> _TASK BRIEF_
The response consists of the lines from the start of the material below through the line holding "in the front", repeated word for word and without pictures.

> _DATA PROVIDED_
+ + + +

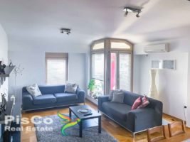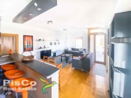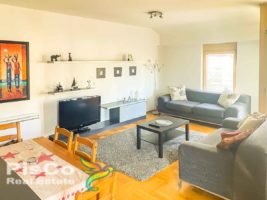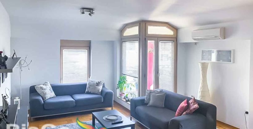 The apartment is fully equipped and spacious. The large living room is nicely lit, has nice furniture, TV, as well as access to the balcony. It includes a dining area with table and chairs, while the kitchen is separated by a large bar that can be used for dining because it has bar stools. The kitchen is spacious and functional and has all the necessary elements and appliances. Both bedrooms are equipped with beds and closets. The apartment has a bathroom that is nicely decorated, but also a guest toilet. It is also equipped with air conditioning.
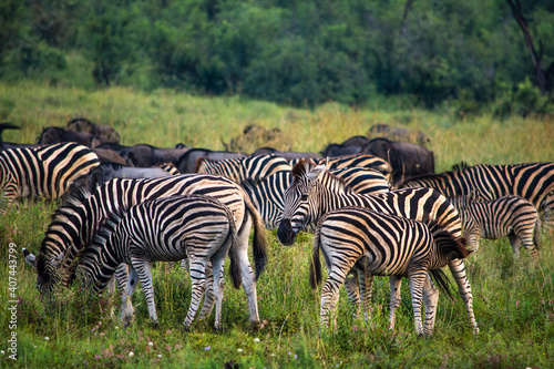 © Hislightrq, Fototapeta premium Herd of zebra with nursing foal in the front
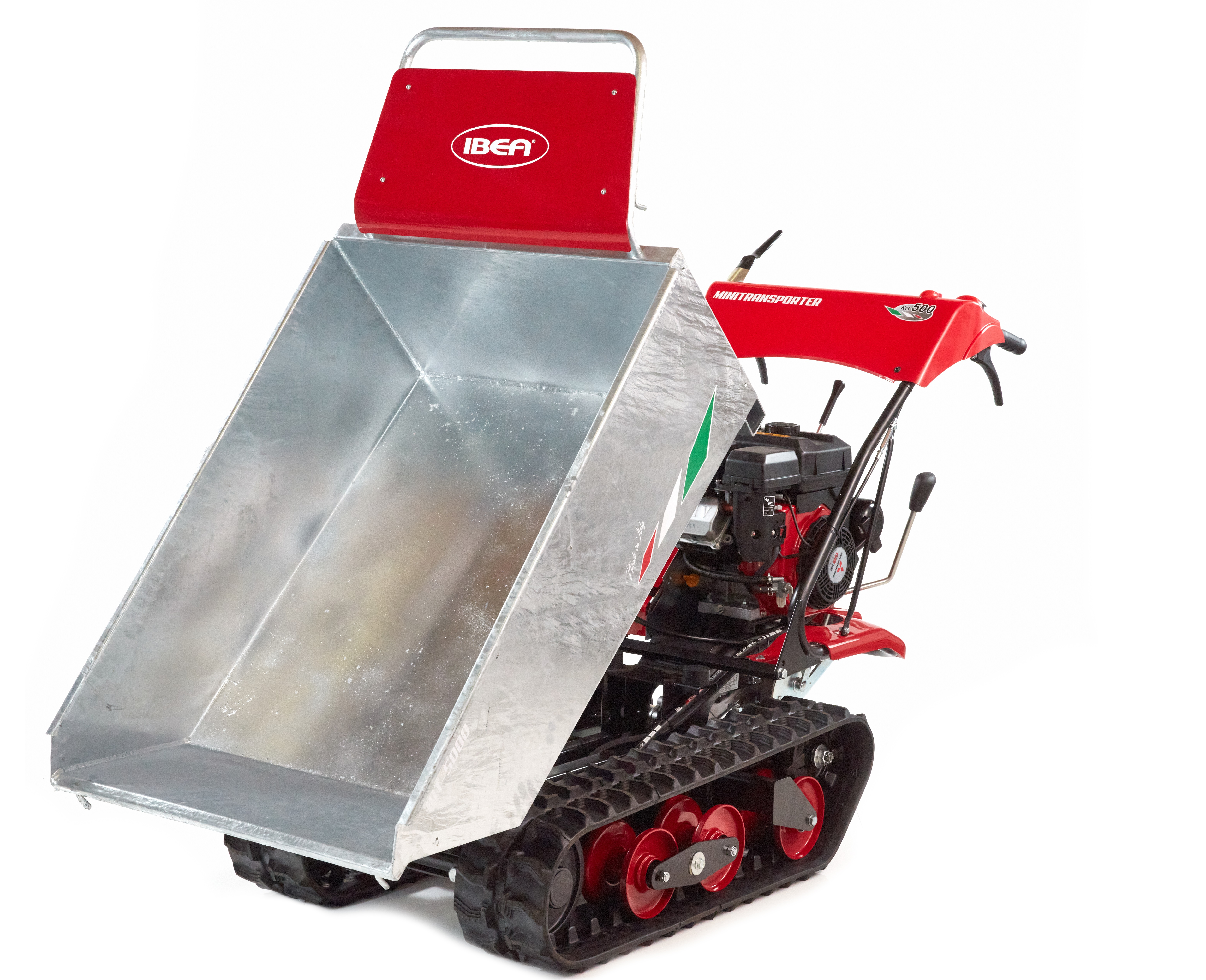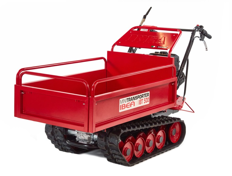 Le motocarriole Ibea IBT-500R hanno una portata di 600 Kg; Dotate anche di cassoni Dumper Zincati o verniciati, con sistema di ribaltamento idraulico anche con cassone scatolato. Il cambio a 5 rapporti. Grazie all’efficiente demoltiplica, i Minitransporter hanno la capacità di muoversi in ogni situazione e sotto ogni carico. L’installazione del cambio nella parte anteriore del telaio, garantisce il bilanciamento della macchina e facilita il movimento anche su terreni particolarmente sconnessi.
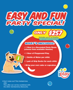 NEW: Now you can choose any party theme you want that is not shown in our website, for $120 extra, must make your request 4 weeks in advance (Theme decoration to remain at iPlay).

+ + + +

> _EXPECTED ANSWER_
 The apartment is fully equipped and spacious. The large living room is nicely lit, has nice furniture, TV, as well as access to the balcony. It includes a dining area with table and chairs, while the kitchen is separated by a large bar that can be used for dining because it has bar stools. The kitchen is spacious and functional and has all the necessary elements and appliances. Both bedrooms are equipped with beds and closets. The apartment has a bathroom that is nicely decorated, but also a guest toilet. It is also equipped with air conditioning.
 © Hislightrq, Fototapeta premium Herd of zebra with nursing foal in the front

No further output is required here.